**INFORMATION SHOWN**:
○ ○ ○ ○ ○

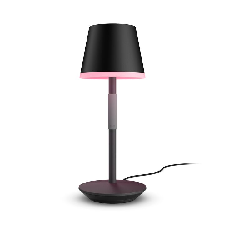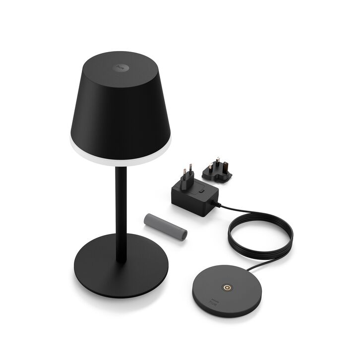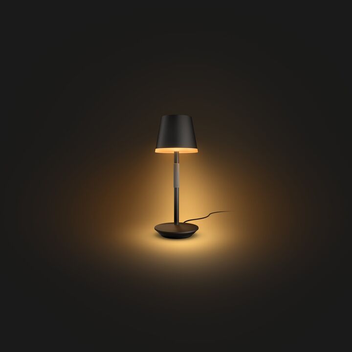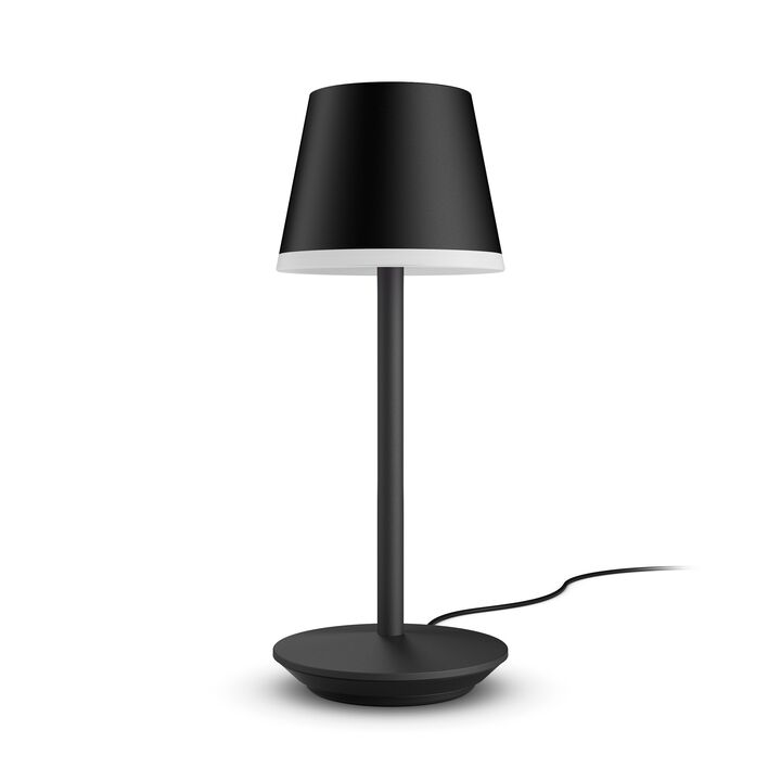 Lleva la luz inteligente a donde quieras con esta lámpara inteligente portátil en color negro. Ideal para uso en exteriores y con una empuñadura de silicona gris oscuro, es fácil de llevar donde más hace falta la luz, al interior para leer o afuera para cenar.
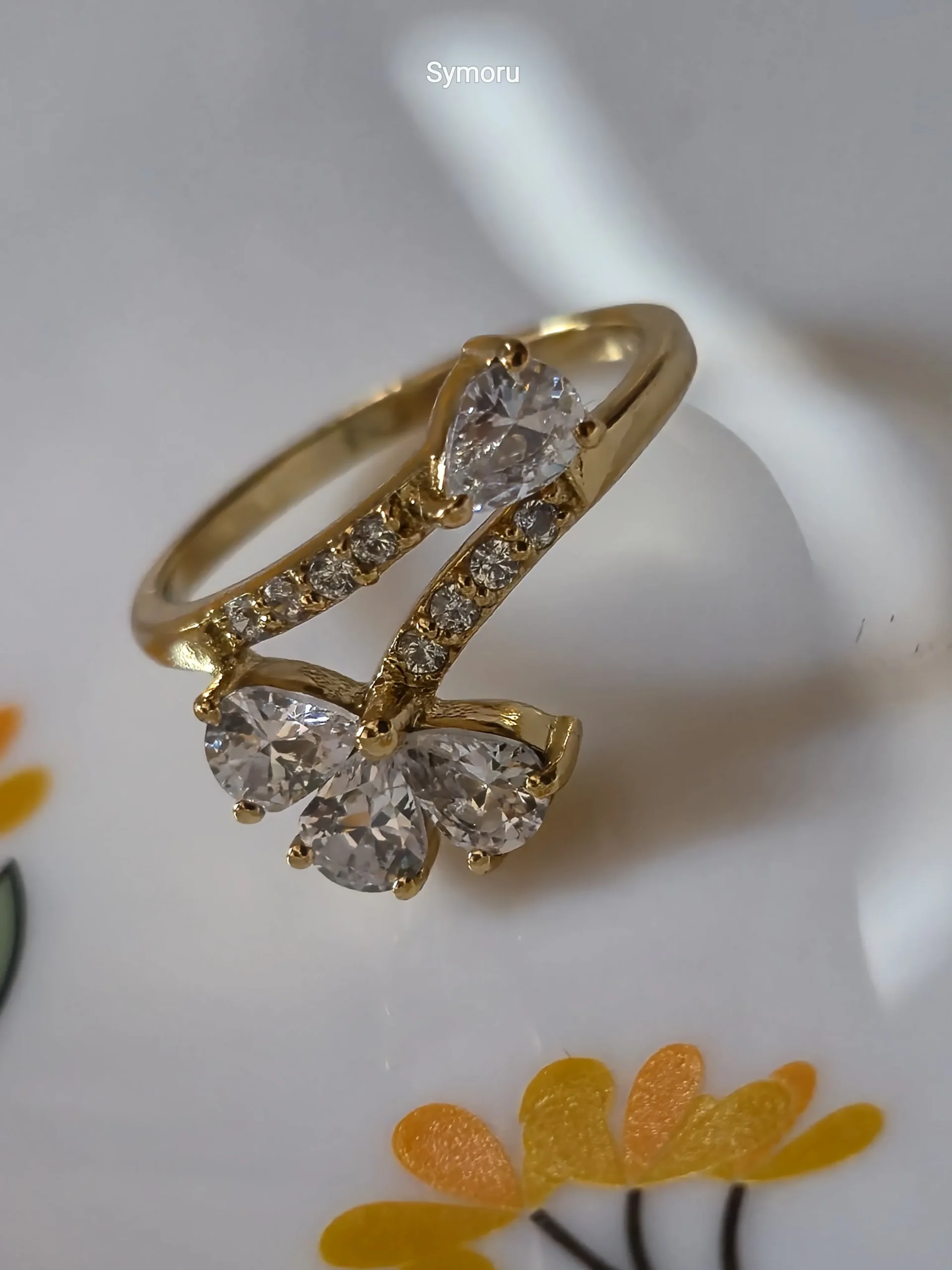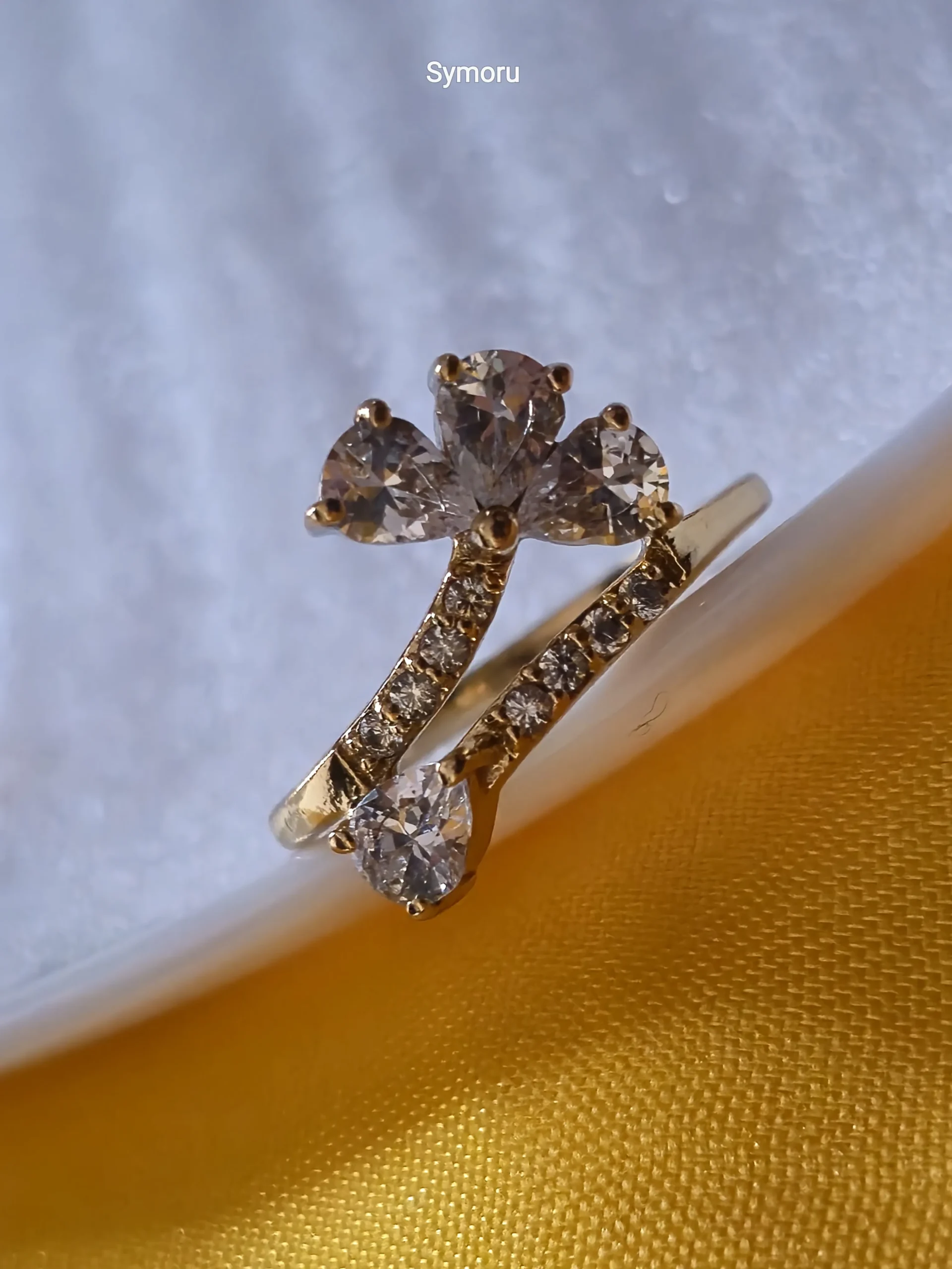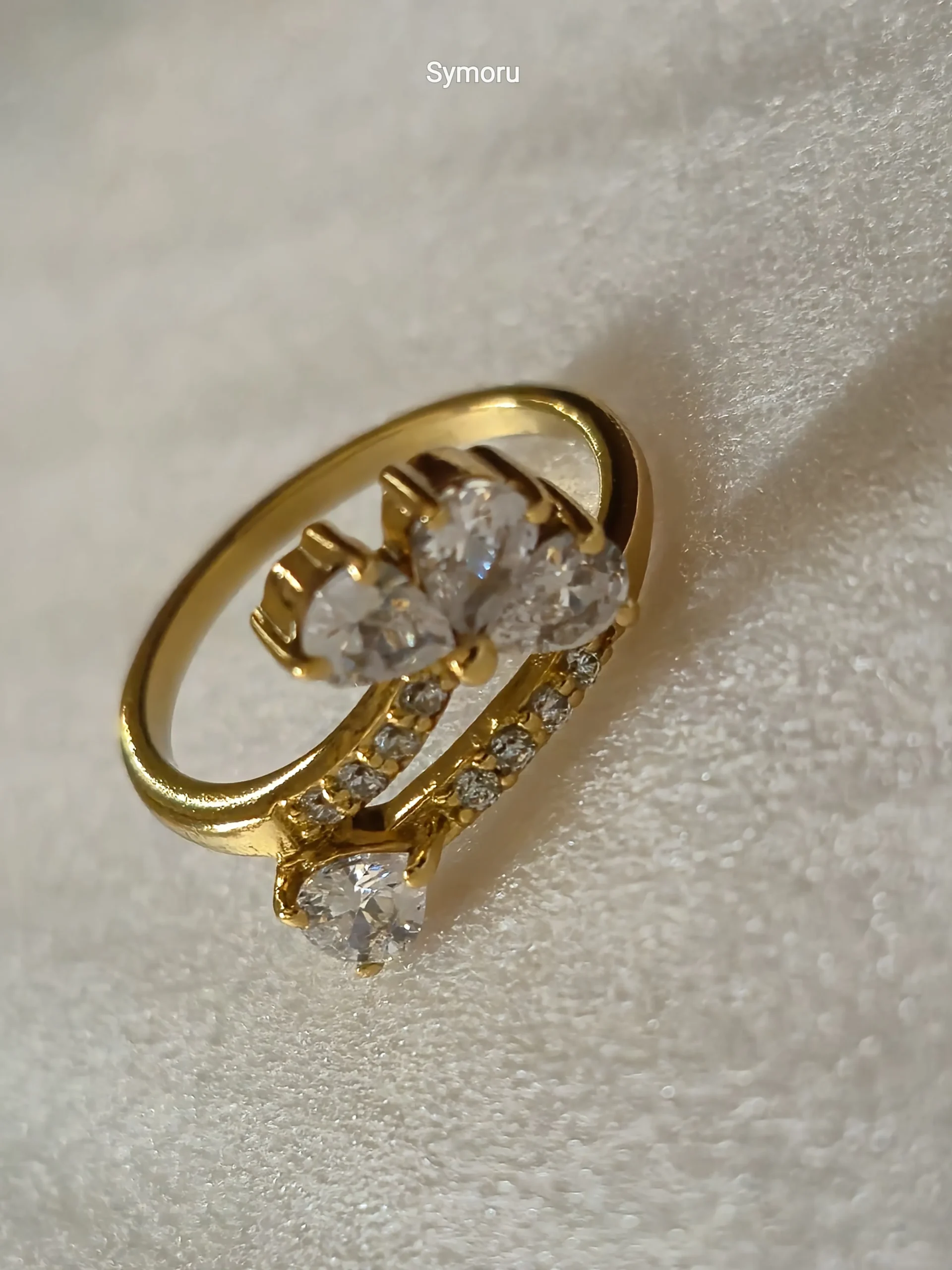 Three Stone Cubic Zirconia Gold Ring for Women | Diamond Look Trilogy Engagement Ring | Symoru
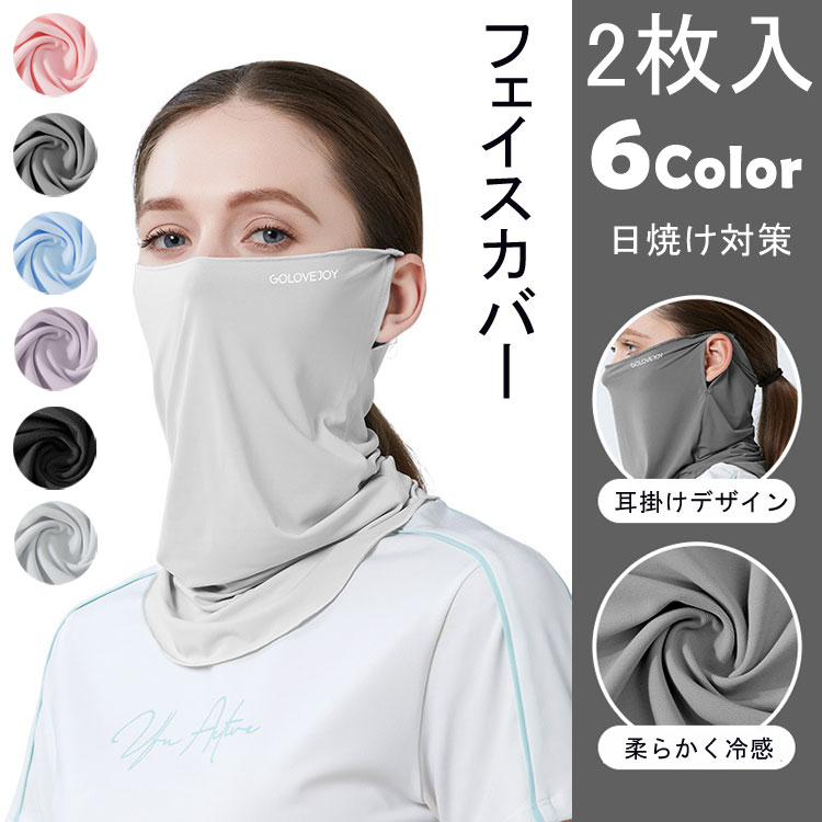 【2枚入り】息苦しくないフェイスカバー レディース 夏 スポーツマスク ランニングマスク 冷感 ネックガード UVカット 日焼け対策 紫外線対策グッズ 日よけマスク フェイスマスク スポーツマスク 洗える 顔や首の日焼け防止 レディース フェイスガード 耳かけタイプ
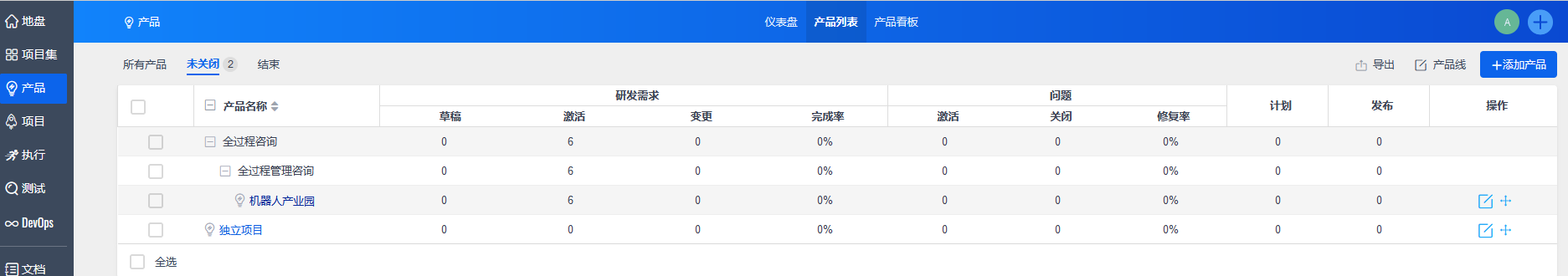在“产品”-“产品列表”页面,可以按项目集、项目查看其关联产品。还可以添加产品、编辑产品线、或者导出产品列表。

○ ○ ○ ○ ○

**YOUR OBJECTIVE**: Your copy of the data should match it exactly, apart from the images, which are omitted.

**FINISHED TASK**:
 Lleva la luz inteligente a donde quieras con esta lámpara inteligente portátil en color negro. Ideal para uso en exteriores y con una empuñadura de silicona gris oscuro, es fácil de llevar donde más hace falta la luz, al interior para leer o afuera para cenar.
 Three Stone Cubic Zirconia Gold Ring for Women | Diamond Look Trilogy Engagement Ring | Symoru
 【2枚入り】息苦しくないフェイスカバー レディース 夏 スポーツマスク ランニングマスク 冷感 ネックガード UVカット 日焼け対策 紫外線対策グッズ 日よけマスク フェイスマスク スポーツマスク 洗える 顔や首の日焼け防止 レディース フェイスガード 耳かけタイプ
在“产品”-“产品列表”页面,可以按项目集、项目查看其关联产品。还可以添加产品、编辑产品线、或者导出产品列表。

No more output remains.